Затем, пожелав всем спокойной ночи, он оставил кабинет, дав Банкеру возможность попридержать новоприбывших на верхней площадке лестницы, чтобы герр директор успел спуститься первым и сесть за руль своей машины.
Обещание поразило их.
Оно прозвучало словно глас божий.
Каким образом простой человек может им это гарантировать? Но Эдит Либгольд поймала себя на том, что сразу же и безоговорочно поверила ему. Не только потому, что ей хотелось верить; не потому, что клюнула на приманку бессмысленных обещаний. А потому, что в долю секунды она поняла: обещание герра Шиндлера продиктовано не мнением, а убеждением.
Новый набор женщин на ДЭФ получал инструкции, испытывая сладостное головокружение. Словно какая-то рехнувшаяся старая цыганка, даже не получив подаяния, пообещала им, что любая из них выйдет замуж за графа. Слова Шиндлера решительно изменили отношение Эдит Либгольд к жизни. И если бы даже ее стали расстреливать, она, скорее всего, возмутилась бы: «А герр директор сказал, что этого не может быть!»

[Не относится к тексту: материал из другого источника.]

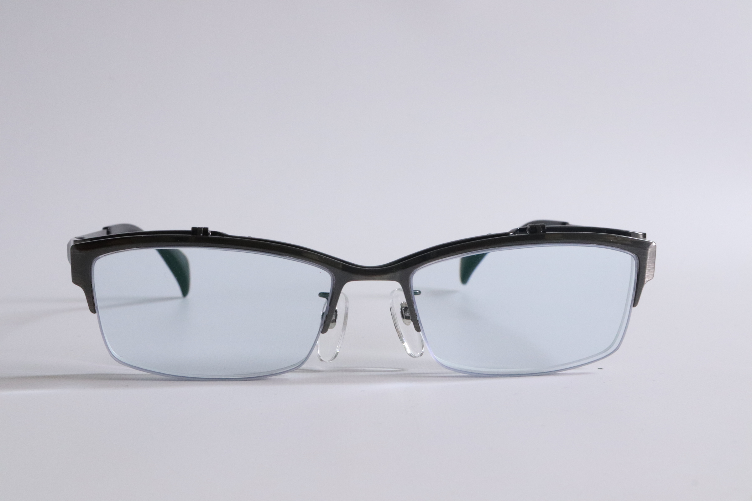 複式跳ね上げメガネは、レンズが二重構造になっている跳ね上げ式メガネです。通常のレンズの前に、もう一枚レンズが付いており、用途に応じて前側レンズを跳ね上げて使います。「見る距離や作業内容に応じて、メガネを切り替えたい」そんな方に選ばれている、少し特殊だけど実用性の高いメガネです。

Работа не требовала никаких умственных усилий. Захватами на длинных рукоятках Эдит переносила посуду из ванн для эмалирования в печь для обжига. И все время в ушах у нее звучало обещание герра Шиндлера. Только сумасшедший может высказывать его с такой абсолютной уверенностью, не моргнув глазом! Но он явно не был умалишенным. Он был деловым человеком, который спешил на какой-то обед. Но он должен знать. Это означало, что у него был какой-то иной подход, другой взгляд, он имел отношение или к богу, или к дьяволу, во всяком случае, к порядку вещей – уж точно. Но, с другой стороны, его внешний вид, его холеные руки с золотыми кольцами меньше всего отвечали представлениям об ясновидцах. Руки его привыкли держать бокал с вином; у него были руки мужчины, вызывавшие желание ощутить исходящую от них ласку. Она снова и снова возвращалась к мысли, что он просто сумасшедший или крепко выпил – она искала какие-то мистические объяснения той уверенности, которой преисполнилась после слов герра директора.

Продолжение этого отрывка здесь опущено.